> [Problem description]: Could you restate all of the records below exactly, with the pictures left out?

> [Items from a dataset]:

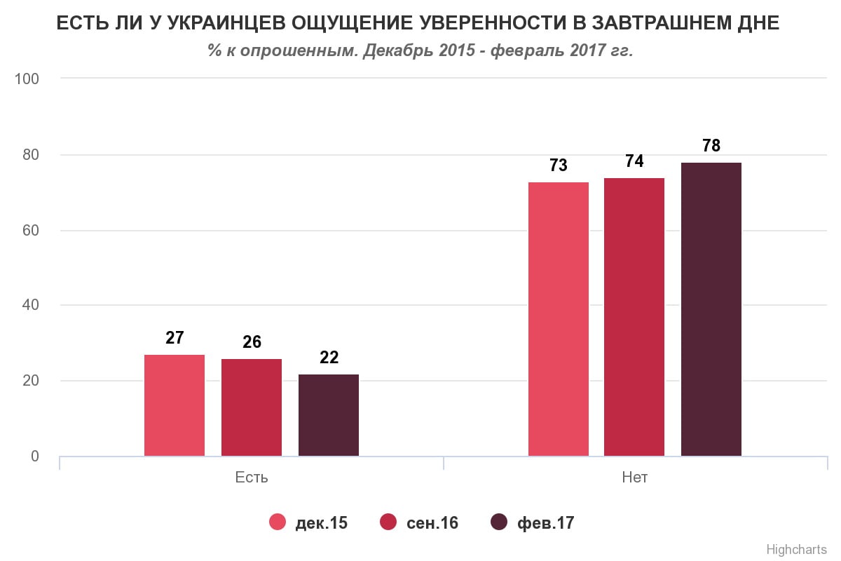 С декабря 2015 года ситуация с уверенностью украинцев в завтрашнем дне изменилась незначительно, но в направлении ухудшения – тогда уверенных в завтрашнем дне украинцев было 27%, а не уверенных – 73%.
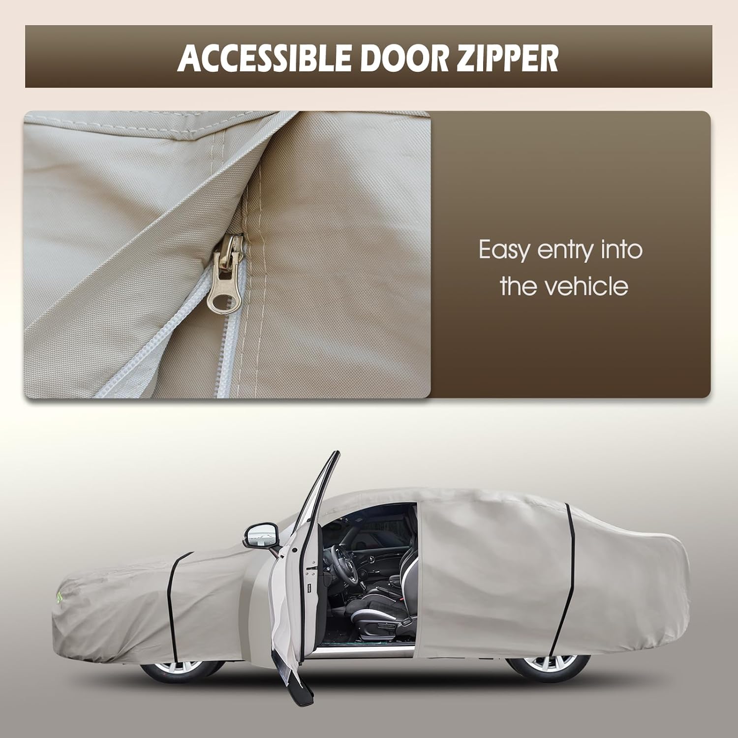 - Safety and Convenience Design: 1)The driver's position of the Migaven full exterior covers has a zipper, which allows you to enter the car at any time to retrieve items without removing the cover. 2) Equipped with six reflective stripes, the full-coverage reflective stripes remind others at night to ensure parking safety. 3) The cover is equipped with a mirror pocket to protect your mirrors perfectly and avoid damage. 4) It comes with a storage bag for easy placement.
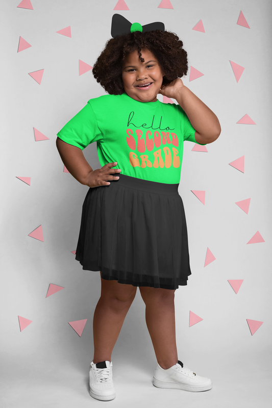 Hello Second Grade Retro Pink | Youth and Adult T-Shirts
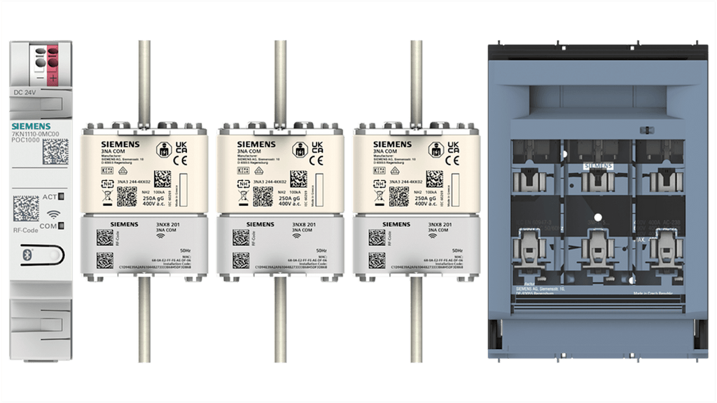Sezionatore portafusibili per guida DIN, corrente massima 400A, 3 poli, fusibili NH1 e NH2, interfaccia Bluetooth wireless, serie SENTRON. Tensione nominale 19.2-28.8V, temperatura operativa da -25 a +60 gradi Celsius, tipo terminale senza viti. Moduli inclusi: 1 modulo 7KN1110-0MC00, 1 modulo 3NP1153-1DA10, 3 moduli 3NA3244-4KK02, 3 moduli 3NX8201. Codice costruttore 7KN11100XC03. Marchio Siemens.
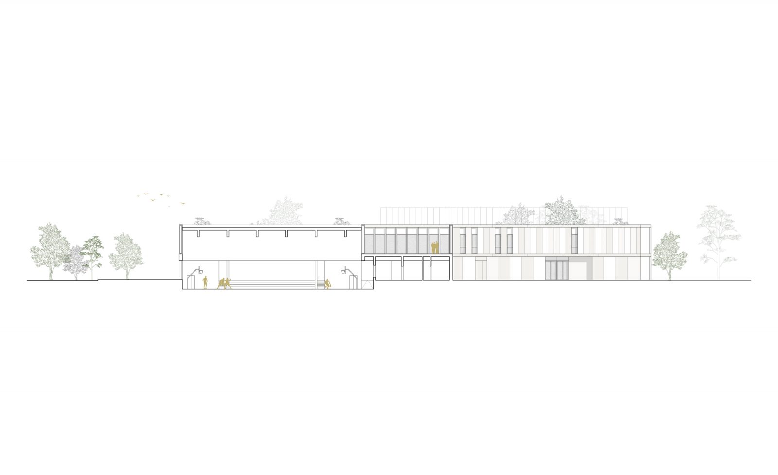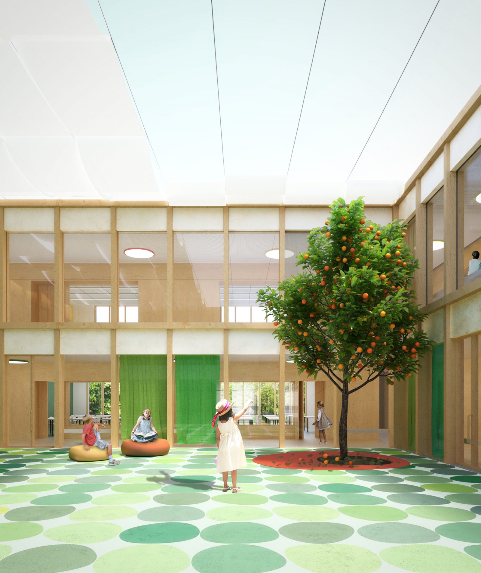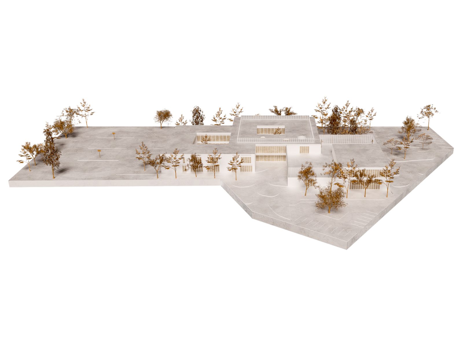 Due dei tre volumi sono svuotati da corti aperte al cielo, attorno alle quali si articolano, al piano terra, gli spazi della scuola dell’infanzia ed elementare e, al piano primo, della scuola media; il terzo quadrato ospita, alla quota d’accesso, le funzioni collettive (mensa, palestra con relativi servizi e area amministrativa), mentre alla quota del primo livello si trovano un campo da gioco e un giardino didattico a cielo aperto.
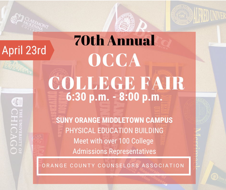 The Orange County Counselors Association is pleased to announce our 70th Annual College Night on Thursday, April 23, 2026. Our program will be hosted at the Orange County Community College.
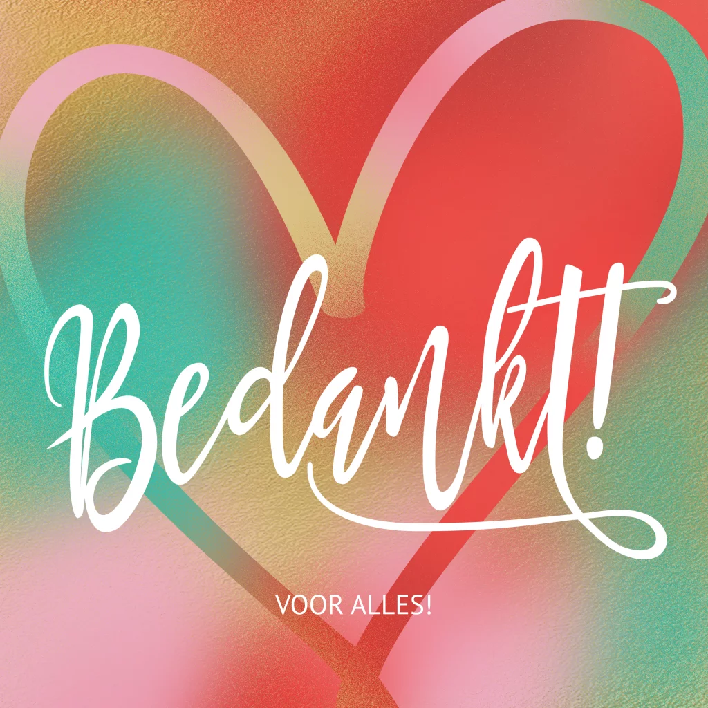Met deze unieke en lieve bedankkaarten kun je een persoonlijk gebaar maken en laten zien hoeveel je jouw klanten en collega’s waardeert. Met een lief groot hart op een kleurrijke ondergrond.
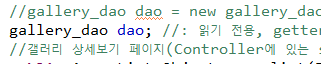 gallery_dao dao = new gallery_dao(); //setter, getter 모두 사용
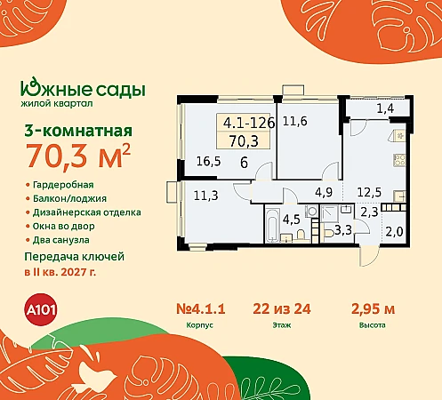 Артикул квартиры по базе застройщика 99К-4.1.1-126.
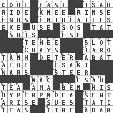 ACROSS 1. Calm and collected 5. 90 degrees 9. Russian ruler of old 13. Travel on or in a vehicle 14. Leg joint 15. Remove soap 16. Conclusions 17. Pleas 19. Supplement with great effort 20. Purpose 21. Mayday 22. Make lace 23. Indian titles of respect 25. Compass dir. 26. Giggle 30. Narrow, elongated depression 34. Trading vessels 35. Pacific island yam 36. Hyperbolic tangent 39. Prevent from occurring 42. Blind as ____ 43. _ vera 44. 1973 Nobel Price Winner (Physics) Leo 46. Armed conflicts 47. Guide 48. Apple computer (short form) 51. He sold his birthright 54. Afternoon social gathering 57. Housemaid (var.) 58. Benjamin's nick name 60. Part of HMS, perhaps 62. Abnormally rapid or deep breathing 65. Transmitted 66. Get up 67. Institutes legal proceedings 68. Jacques of French films 69. Afternoon social gatherings 70. Become fatigued 71. The sixth month of the Jewish calendar DOWN 1. Algonquian 2. Pig sounds 3. More peculiar 4. French article 5. Makes supply last 6. Singer Murray 7. Put into a specified state 8. Laconic 9. Teat (slang) 10. In a ____ (agitated or irritated) 11. Toward the sea 12. Relief 15. To erase 18. Greek goddess of the dawn 20. One who uses or employs something 24. Strong, restless desires 27. Possessed 28. Sight organ 29. _____ Park, CO 30. Flight of steps 31. Experiment locale 32. Mouth or opening 33. Small child 36. The 23rd letter of the Hebrew alphabet 37. In the manner of 38. And not 40. Eastern Standard Time (abbr.) 41. Actress Charlotte 45. Peachy ____! 48. Female horse 49. Electrical Unit 50. 2nd pers. sing. pres. of can (arch.) 52. Having the leading position 53. National forest in Provo, Utah 54. Not this but _ 55. Jane of fiction 56. Capital of Western Samoa 58. Fermented drink made from hops 59. Relaxation 61. Use a spoon 63. Double-curved letter 64. Fr. "Yes" 65. R.R. building
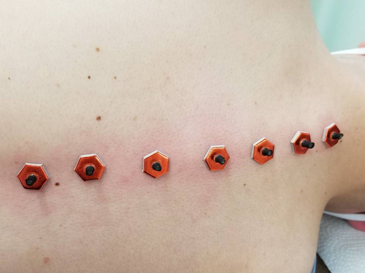 首~肩、背中にかけての一本鍼治療にて筋緊張を改善し、加えて耳周りへの鍼(置鍼)を行いながらスーパーライザーEX(3点に照射➡❶乳様突起❷外耳道❸星状神経節)を行うことで全身の血流を促進させ内耳の機能回復を目指します。
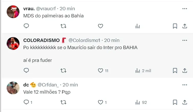 De olho em jogadores como Ferreirinha, do Grêmio, Everton Ribeiro, do Flamengo, e Diego Costa, do São Paulo, o Bahia, segundo informações da ESPN Brasil, surpreendeu todo mundo e fez uma oferta de R$ 64 milhões ao Internacional pelo jogador Maurício, de 22 anos de idade.
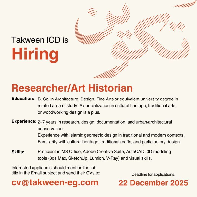 تُعلن Takween ICD عن حاجتها إلى باحث / مؤرخ فني (Researcher / Art Historian) للانضمام إلى فريقها المتخصص في التصميم الثقافي والحفاظ العمراني.
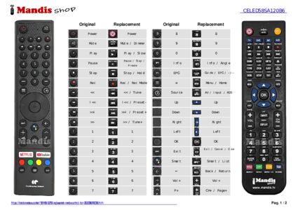 Below, we will show you the correspondence between each button on the original remote control and the button that performs the same function on the replacement remote control. In some cases, you may need to press the SHIFT key before pressing another button to perform certain actions. These additional functions are often not widely used and are included to facilitate understanding of the replacement remote control, or because the original remote control has more buttons than its equivalent.
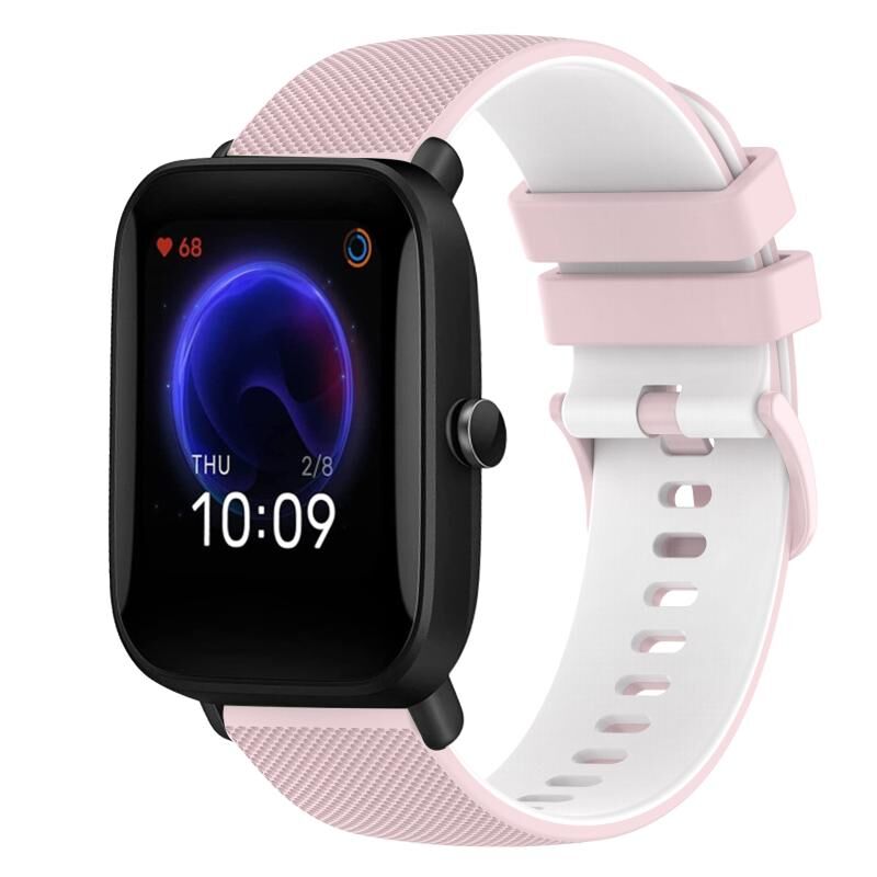 For Amazfit Pop 20mm Checkered Two-Color Silicone Watch Band(Pink+White)

> [Result below]:
 С декабря 2015 года ситуация с уверенностью украинцев в завтрашнем дне изменилась незначительно, но в направлении ухудшения – тогда уверенных в завтрашнем дне украинцев было 27%, а не уверенных – 73%.
 - Safety and Convenience Design: 1)The driver's position of the Migaven full exterior covers has a zipper, which allows you to enter the car at any time to retrieve items without removing the cover. 2) Equipped with six reflective stripes, the full-coverage reflective stripes remind others at night to ensure parking safety. 3) The cover is equipped with a mirror pocket to protect your mirrors perfectly and avoid damage. 4) It comes with a storage bag for easy placement.
 Hello Second Grade Retro Pink | Youth and Adult T-Shirts
Sezionatore portafusibili per guida DIN, corrente massima 400A, 3 poli, fusibili NH1 e NH2, interfaccia Bluetooth wireless, serie SENTRON. Tensione nominale 19.2-28.8V, temperatura operativa da -25 a +60 gradi Celsius, tipo terminale senza viti. Moduli inclusi: 1 modulo 7KN1110-0MC00, 1 modulo 3NP1153-1DA10, 3 moduli 3NA3244-4KK02, 3 moduli 3NX8201. Codice costruttore 7KN11100XC03. Marchio Siemens.
 Due dei tre volumi sono svuotati da corti aperte al cielo, attorno alle quali si articolano, al piano terra, gli spazi della scuola dell’infanzia ed elementare e, al piano primo, della scuola media; il terzo quadrato ospita, alla quota d’accesso, le funzioni collettive (mensa, palestra con relativi servizi e area amministrativa), mentre alla quota del primo livello si trovano un campo da gioco e un giardino didattico a cielo aperto.
 The Orange County Counselors Association is pleased to announce our 70th Annual College Night on Thursday, April 23, 2026. Our program will be hosted at the Orange County Community College.
Met deze unieke en lieve bedankkaarten kun je een persoonlijk gebaar maken en laten zien hoeveel je jouw klanten en collega’s waardeert. Met een lief groot hart op een kleurrijke ondergrond.
 gallery_dao dao = new gallery_dao(); //setter, getter 모두 사용
 Артикул квартиры по базе застройщика 99К-4.1.1-126.
 ACROSS 1. Calm and collected 5. 90 degrees 9. Russian ruler of old 13. Travel on or in a vehicle 14. Leg joint 15. Remove soap 16. Conclusions 17. Pleas 19. Supplement with great effort 20. Purpose 21. Mayday 22. Make lace 23. Indian titles of respect 25. Compass dir. 26. Giggle 30. Narrow, elongated depression 34. Trading vessels 35. Pacific island yam 36. Hyperbolic tangent 39. Prevent from occurring 42. Blind as ____ 43. _ vera 44. 1973 Nobel Price Winner (Physics) Leo 46. Armed conflicts 47. Guide 48. Apple computer (short form) 51. He sold his birthright 54. Afternoon social gathering 57. Housemaid (var.) 58. Benjamin's nick name 60. Part of HMS, perhaps 62. Abnormally rapid or deep breathing 65. Transmitted 66. Get up 67. Institutes legal proceedings 68. Jacques of French films 69. Afternoon social gatherings 70. Become fatigued 71. The sixth month of the Jewish calendar DOWN 1. Algonquian 2. Pig sounds 3. More peculiar 4. French article 5. Makes supply last 6. Singer Murray 7. Put into a specified state 8. Laconic 9. Teat (slang) 10. In a ____ (agitated or irritated) 11. Toward the sea 12. Relief 15. To erase 18. Greek goddess of the dawn 20. One who uses or employs something 24. Strong, restless desires 27. Possessed 28. Sight organ 29. _____ Park, CO 30. Flight of steps 31. Experiment locale 32. Mouth or opening 33. Small child 36. The 23rd letter of the Hebrew alphabet 37. In the manner of 38. And not 40. Eastern Standard Time (abbr.) 41. Actress Charlotte 45. Peachy ____! 48. Female horse 49. Electrical Unit 50. 2nd pers. sing. pres. of can (arch.) 52. Having the leading position 53. National forest in Provo, Utah 54. Not this but _ 55. Jane of fiction 56. Capital of Western Samoa 58. Fermented drink made from hops 59. Relaxation 61. Use a spoon 63. Double-curved letter 64. Fr. "Yes" 65. R.R. building
 首~肩、背中にかけての一本鍼治療にて筋緊張を改善し、加えて耳周りへの鍼(置鍼)を行いながらスーパーライザーEX(3点に照射➡❶乳様突起❷外耳道❸星状神経節)を行うことで全身の血流を促進させ内耳の機能回復を目指します。
 De olho em jogadores como Ferreirinha, do Grêmio, Everton Ribeiro, do Flamengo, e Diego Costa, do São Paulo, o Bahia, segundo informações da ESPN Brasil, surpreendeu todo mundo e fez uma oferta de R$ 64 milhões ao Internacional pelo jogador Maurício, de 22 anos de idade.
 تُعلن Takween ICD عن حاجتها إلى باحث / مؤرخ فني (Researcher / Art Historian) للانضمام إلى فريقها المتخصص في التصميم الثقافي والحفاظ العمراني.
 Below, we will show you the correspondence between each button on the original remote control and the button that performs the same function on the replacement remote control. In some cases, you may need to press the SHIFT key before pressing another button to perform certain actions. These additional functions are often not widely used and are included to facilitate understanding of the replacement remote control, or because the original remote control has more buttons than its equivalent.
 For Amazfit Pop 20mm Checkered Two-Color Silicone Watch Band(Pink+White)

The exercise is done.